To filter the request, only results whose angle between the request vector and the document vector is within a specified limit are returned. There is usually a very high amount of terms that can appear in documents, but they do not have to appear in every document. Due to this characteristic, this model is only slightly represented in some areas. Even thinning out by removing stop words (empty words such as articles, conjunctions, or auxiliary verbs) requires an extremely high number of dimensions.
The problem is that different words with the same meaning (synonyms) are mapped in different areas of the vector space model. In return, however, identical words with different meanings are mapped to the same areas.
Latent Semantic Indexing
The field of latent semantic indexing deals with the approach to solve this problem. It is based on the three weaknesses of the normally used approach.

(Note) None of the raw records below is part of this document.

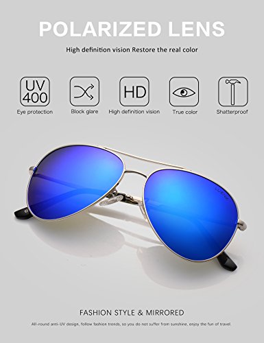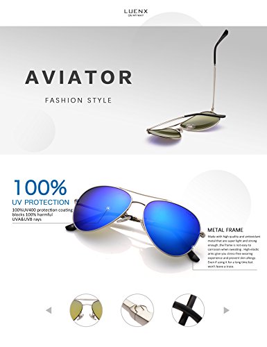 LUENX Aviator Sunglasses Men Women Mirror Polarized UV400 Metal Frame 60MM (6-Dark Blue, 60)
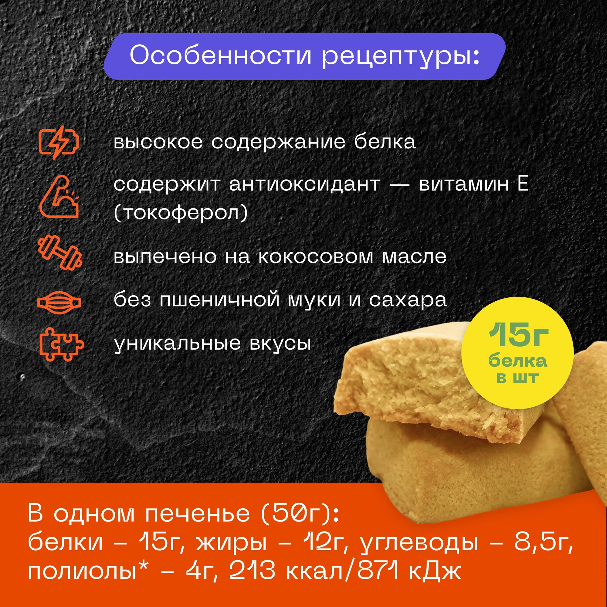 СохранитьПротеиновое печенье Pureprotein Salty Protein Cookie соленое с высоким содержанием белка ассорти со вкусами Арахис, Бекон и Пармезан 12шт*50г интересное:
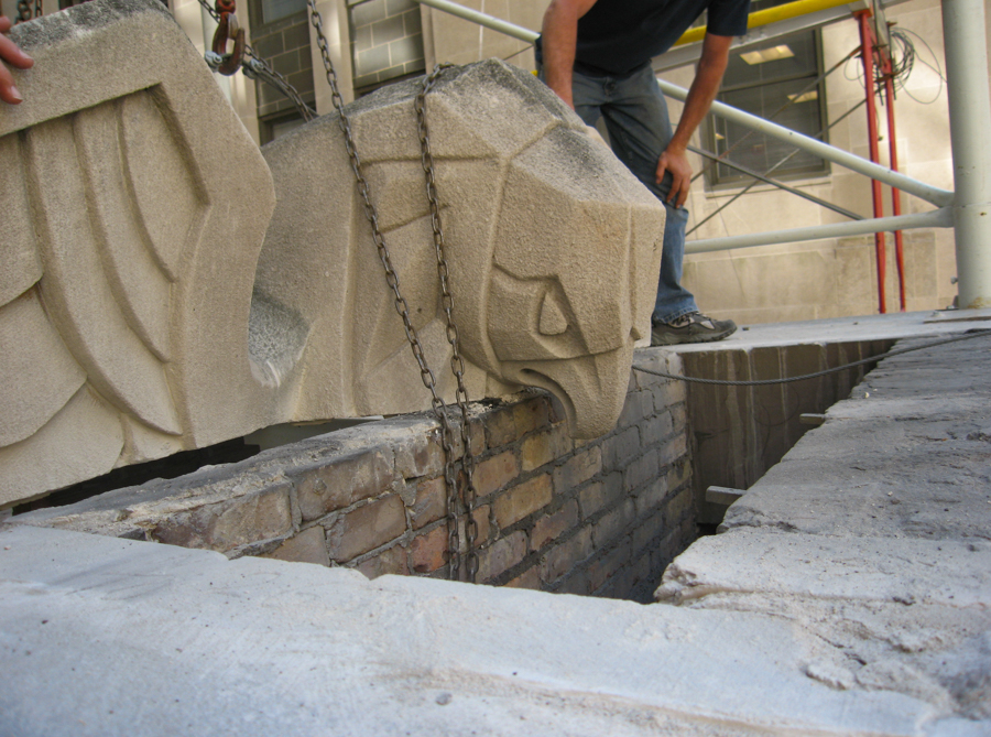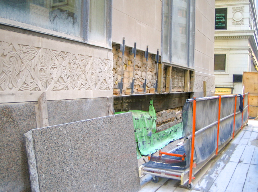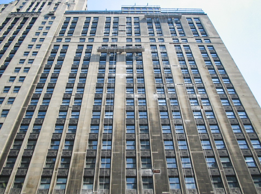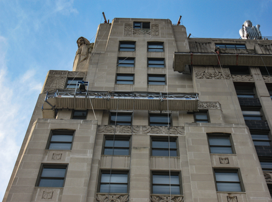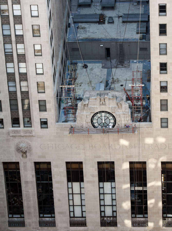 The Chicago Board of Trade undertook a major restoration project as part of its 75 year anniversary celebration. Design Installation Systems was chosen as the historical restoration contractor for the work on the exterior facades. In addition to stone repairs and replacements, DIS completed tuckpointing, caulking and cleaning of all of the limestone and terra cotta on the building. All work was documented and approved by a certified historic restoration expert.
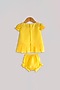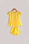 Featuring a yellow dress in muslin base with pearl embroidery. It is paired with matching bloomers.
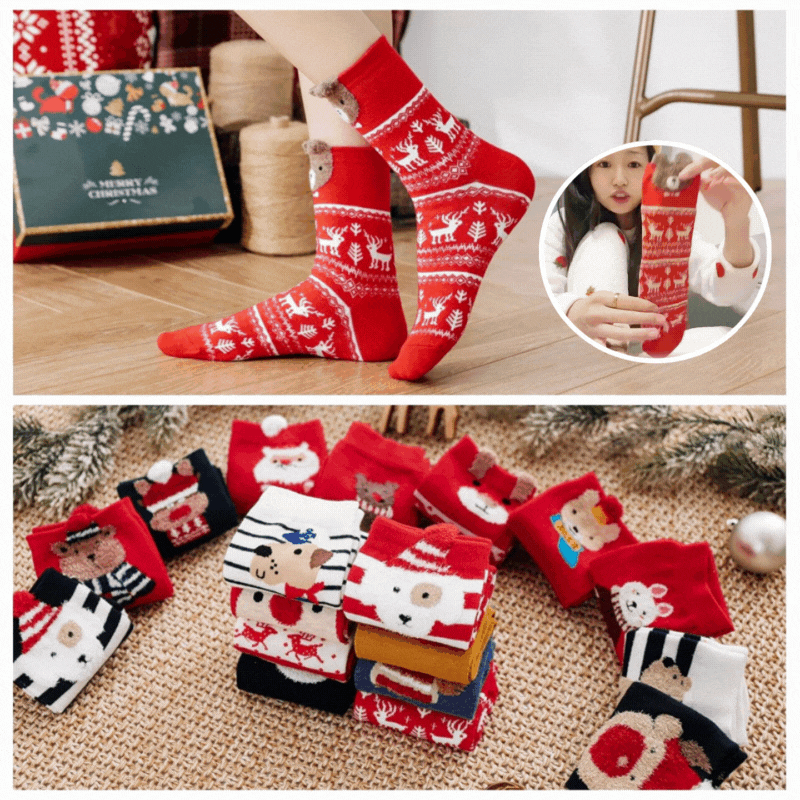 🔥【10 ζευγάρια,Μεγάλες Προσφορές】🔥Χριστουγεννιάτικες κάλτσες 2025, γυναικείες κάλτσες με σχέδια ζώων για το φθινόπωρο και τον χειμώνα, με σχέδια κινουμένων σχεδίων
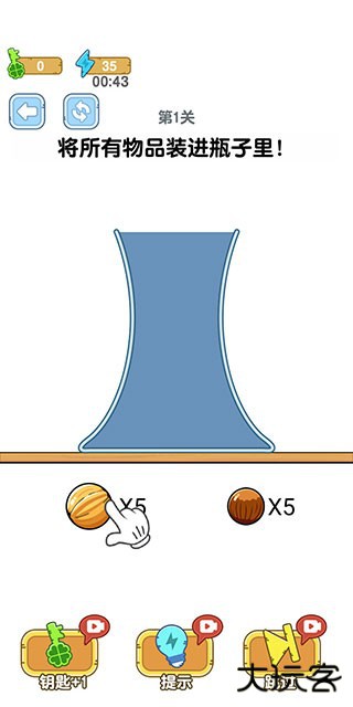1、清新简约的游戏画面设计,一场属于你的趣味闯关,需要完成各种不同的瓶子挑战,玩法还是十分的休闲的。
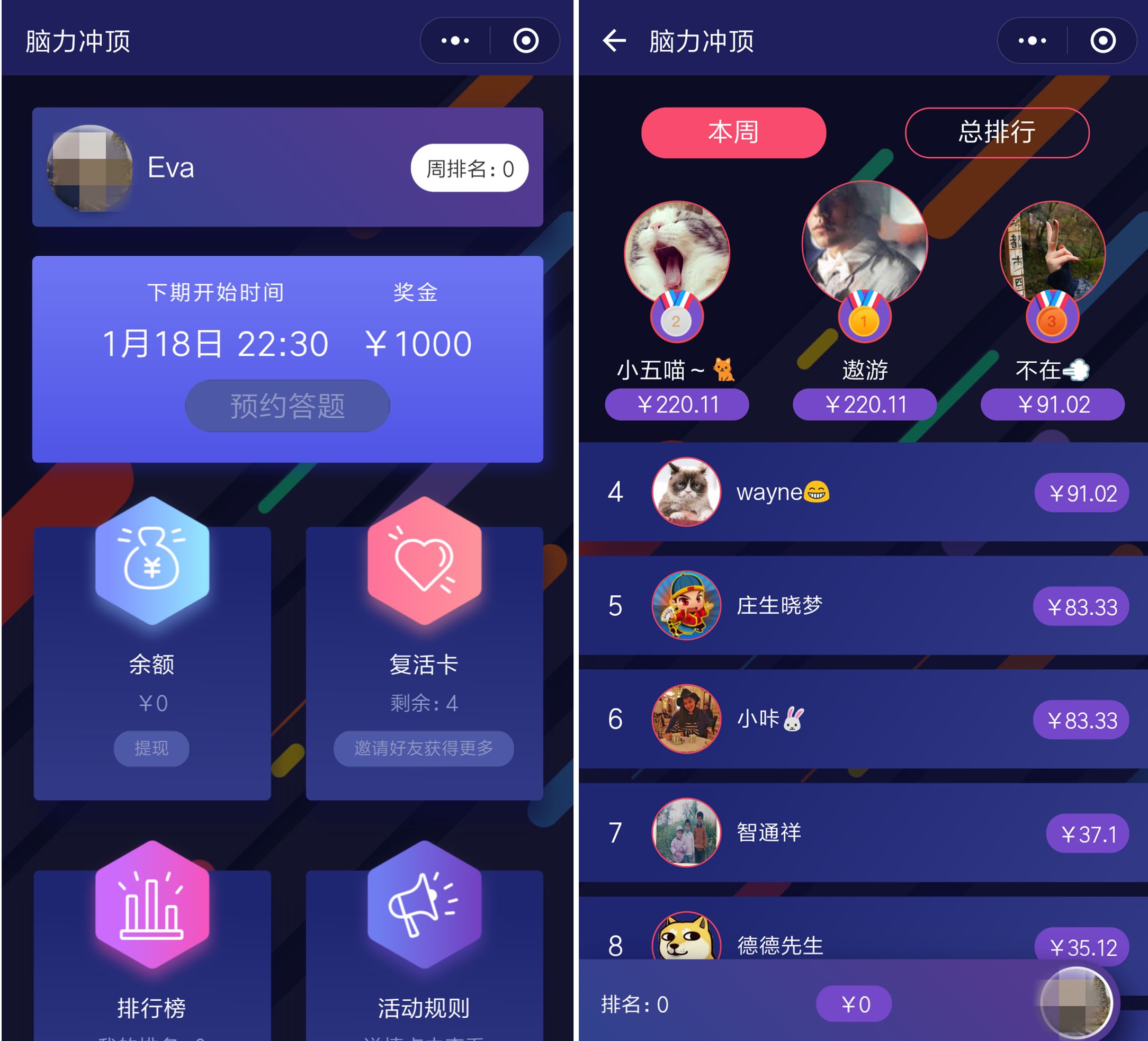 榜妹认为,答题直播或许更适合小程序。毕竟在微信生态里,答题直播更能形成闭环。

The fact that an index usually contains fewer terms than the user expects results in incomplete indexes. On the one hand, this may be due to the fact that the document does not contain the desired terms or that the filter retrieval system does not take into account certain filter criteria. This problem could be addressed in two different ways. On the one hand, one could include dictionaries that allow only a meaning of words. On the other hand, one could give the user the opportunity to clearly define his request and thus the meaning of the terms. Apart from the problem of limitation to a specific vocabulary, both methods fail in the associated workload, which would be required for the definition of the terms by the user or the creation of dictionaries. In addition, the issue causes the problem that terms that occur regularly with certain other terms are not valued differently, as are the terms that rarely occur with other terms. Often used combinations should be weighted higher as combinations rarely occur. If the rare combinations are overvalued, this would have an unwanted impact on the results. Often used combinations should be weighted higher as a result, as combinations rarely occur. If the rare combinations are overvalued, this would have an unwanted impact on the results. Often used combinations should be weighted higher as a result, as combinations rarely occur. If the rare combinations are overvalued, this would have an unwanted impact on the results.

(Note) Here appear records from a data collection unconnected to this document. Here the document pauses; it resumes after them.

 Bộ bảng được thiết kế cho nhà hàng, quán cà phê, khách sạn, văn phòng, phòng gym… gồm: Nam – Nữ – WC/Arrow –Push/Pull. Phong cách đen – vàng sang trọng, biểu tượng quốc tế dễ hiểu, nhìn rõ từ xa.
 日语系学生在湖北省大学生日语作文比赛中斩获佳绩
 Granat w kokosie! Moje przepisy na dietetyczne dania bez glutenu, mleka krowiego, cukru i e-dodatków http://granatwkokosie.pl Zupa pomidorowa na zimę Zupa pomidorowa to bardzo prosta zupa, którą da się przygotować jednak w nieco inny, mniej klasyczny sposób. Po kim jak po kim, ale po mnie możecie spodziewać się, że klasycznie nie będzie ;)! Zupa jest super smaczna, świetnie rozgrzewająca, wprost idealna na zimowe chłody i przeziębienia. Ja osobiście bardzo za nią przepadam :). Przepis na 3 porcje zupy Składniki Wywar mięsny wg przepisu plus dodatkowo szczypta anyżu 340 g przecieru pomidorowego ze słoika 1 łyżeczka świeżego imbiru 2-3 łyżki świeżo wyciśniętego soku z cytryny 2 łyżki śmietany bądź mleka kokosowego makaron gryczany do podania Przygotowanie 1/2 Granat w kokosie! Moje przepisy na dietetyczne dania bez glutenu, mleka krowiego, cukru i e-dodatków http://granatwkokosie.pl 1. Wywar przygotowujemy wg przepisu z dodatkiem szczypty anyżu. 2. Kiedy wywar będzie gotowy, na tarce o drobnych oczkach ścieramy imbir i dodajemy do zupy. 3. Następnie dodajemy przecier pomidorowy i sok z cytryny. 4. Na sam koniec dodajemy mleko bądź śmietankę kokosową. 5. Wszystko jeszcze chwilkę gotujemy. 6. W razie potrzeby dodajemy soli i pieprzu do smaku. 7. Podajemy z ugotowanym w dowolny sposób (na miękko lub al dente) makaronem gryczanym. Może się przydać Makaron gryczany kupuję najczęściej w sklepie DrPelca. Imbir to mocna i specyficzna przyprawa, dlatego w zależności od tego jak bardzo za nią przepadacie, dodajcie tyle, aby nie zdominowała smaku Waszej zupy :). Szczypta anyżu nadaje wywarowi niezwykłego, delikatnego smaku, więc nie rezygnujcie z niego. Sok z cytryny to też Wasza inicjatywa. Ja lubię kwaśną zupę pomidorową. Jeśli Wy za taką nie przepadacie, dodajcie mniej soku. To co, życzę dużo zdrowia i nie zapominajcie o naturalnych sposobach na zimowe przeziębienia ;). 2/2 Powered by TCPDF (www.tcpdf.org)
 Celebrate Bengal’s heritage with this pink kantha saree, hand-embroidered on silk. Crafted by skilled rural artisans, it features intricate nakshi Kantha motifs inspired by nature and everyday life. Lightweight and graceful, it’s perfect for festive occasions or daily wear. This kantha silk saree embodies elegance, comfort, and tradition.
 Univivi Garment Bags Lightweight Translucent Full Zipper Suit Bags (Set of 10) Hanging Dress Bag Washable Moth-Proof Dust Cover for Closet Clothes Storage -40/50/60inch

All 3 mentioned problems are attacked in the Latent Semantic Indexing. This method does not take into account the meaning of a word. Rather, the method uses linear algebra and statistical methods to find term clusters that describe particular concepts. There are no specifications for these clusters, because specifications are given of the probability of the occurrence of a term. Because of this, concepts can now be adapted that describe the terms that occur regularly together. In contrast to before, where all terms needed different dimensions, dimensions are now brought together to a common concept. Merging leads to just as much accuracy that documents are now included in the search query, which contain only a part of the terms. The new concept of dimensions reduces not only the influence of a missing term, but also the previous problems of polysemy. This happens because now groups of statistically connected terms form a common dimension and the meaning of the polysem is explained by the other summarized terms. Reducing the dimensions can diminish the space of the indexes.
The request by the users are filtered by information retrieval using the previously mentioned methods. But despite the filtering, the user is still faced with a gigantic number of relevant documents. Additional tools are needed for analysis to recognize the structures within a text and give the user the opportunity to extract the information they are looking for. For this purpose, the approaches of computational linguistics, statistical language processing and the exploitation of macrostructure in texts has been examined in more detail in the next part of this series.